穴埋め小説「ムービーパラダイス」85

「冗談はさておき」
 一番楽しそうだったのに、椅子に座るとまるで何もなかったかのように話を戻す雪之丞。
「その能力で、このビデオを記録してしまったわけですね」
 雪之丞は円卓の上にあった例のビデオを手に取った。
「そうだ……このラバースーツを見た瞬間から、記憶が曖昧になっている」
 険しい顔で考え込むイライジャ。
「だいたい、原因がわかりましたよ」
「本当か?」
 あっさりと言う雪之丞に、思わずくってかかるように問いかける俺。
「ええ、推測でよろしければ、説明したいのですが――」
 雪之丞はちらりと円卓の上に視線を移す。
「そろそろ下りて頂けませんか?」
 いまだに円卓の上でキャプテンキャプテンと連呼していた三人に声をかける。かなり狂っていた三人だが、予想以上に大人しく雪之丞の指示に従い、何事もなかったように椅子に腰掛けた。
 ちなみにイライジャは、あまりにおかしなテンションの三人についていけなかったのか、複雑な表情で苦笑していた。
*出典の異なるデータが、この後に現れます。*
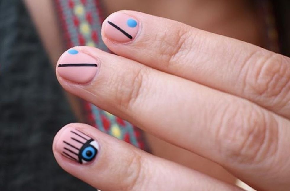 Create the look with a toothpick and a thin brush. Paint your nails a bright color (you can also go big and apply a different shade on each finger), then dip the paintbrush into black polish and outline your fingernail. Next, coat the tip of a toothpick in white polish and trace a long, thin line on the same side of each nail and then a short, rounded line on the opposite bottom corner. For a finishing touch, add a small dot of white polish at the end of the long line and top with a glossy topcoat. (Photo via Wild Oleander)

「今回の件は、私の作ったビデオとイライジャ氏の能力がおかしな風に作用してしまった事で起きたのだと思います。このビデオは見ている人に極めて現実に近い夢を見せる信号を発するのですが、イライジャ氏がそれを現実にビデオから人間が現れた事実として記録してしまった事でおかしくなったのでしょう」
「なるほどな……我輩が再生しただけならば我輩だけが影響を受けたのだろうが、イライジャが介在した事で、世界そのものに影響を与えたわけかね?」
「恐らくは、そうでしょうね」
 安藤と雪之丞の間では理解されているらしいが、よくわからない。
「つまり、ですねえ」
 俺達が理解していない事を悟ったらしく、雪之丞が俺達に向き直る。
「このビデオは、登場人物がテレビの中から本当に出てきた、と視聴者に勘違いさせるビデオなんですよ。そして、イライジャ氏の能力は、再生されたあらゆる映像を客観的に見ることができるわけです。ここまではいいですか?」
「ああ」
 まあ、それは理解できている。
「だからですよ」
 説明になってねぇ。
「なるほどねぇ……」
 納得したように、腕を組んでうんうんとうなずく尾崎。ニヒルを気取っているわけで、実際は少しも理解していないと思われる。
「つまり、だな」
 安藤がコホンと咳払いをする。
「このビデオと、イライジャの能力については理解しているな?」
「ああ」
 だから、それは理解できている。
「そのせいだ」
 こっちも説明になってねぇ。
「冗談はおいておいてですね、私の作ったビデオは、ビデオによって生じた仮想現実を外から観測される事を想定して作っていないんですよ。外から観測された事によって、それが現実になってしまったというか……」
 なんとなくわかってきたような気がしないでもない。
「しかも今回は2本同時に再生されてしまった事も悪い方向に働いたようです。二人はそれぞれに夢を見ていたはずですが、それがイライジャ氏の中で同時に観測された事により、二人の夢が共有されてしまったと思われます。もしかすると、ビデオに関わった人間がイライジャ氏の脳の中に取り込まれてしまったのかも知れませんね」
 わからなくなった気がする。
「まあ仮説ですから、それが正しいとは限らないんですけどね。まあ、イライジャ氏の能力が作用して、ビデオが本当に現実になってしまったと言うことだと思います。そしてビデオが止まった後にイライジャ氏が現れたというのは、恐らく二人の女を現実にするためにイライジャ氏の肉体が媒介となったのでしょう」
 よくわからないなりに話を総合すると、イライジャがビデオの再生を外から見ていたために、あの女達が現実に現れてしまったという事らしい。となると、あのラバースーツや巨乳女はイライジャだったのか。
「もし、もう一本が再生されていたらどうなっていたんだ?」
 不意に思いついた疑問を口にする俺。なんとなく嫌な予感がしていたのだが、実際にどうなっていたのか気になる。
「恐らく、その場にいた全員が飲み込まれてしまったでしょうね」
 さらりと雪之丞が口にするが、もしそうなっていた事を考えると背筋が凍りつく。もし俺達全員があの時の安藤や尾崎のように正気を失ってしまっていたら、大惨事が起きていたのではないだろうか。
「まあ、そうならなくて良かったですねぇ」
 にこやかな笑みを浮かべ、まるで他人事のように言う雪之丞。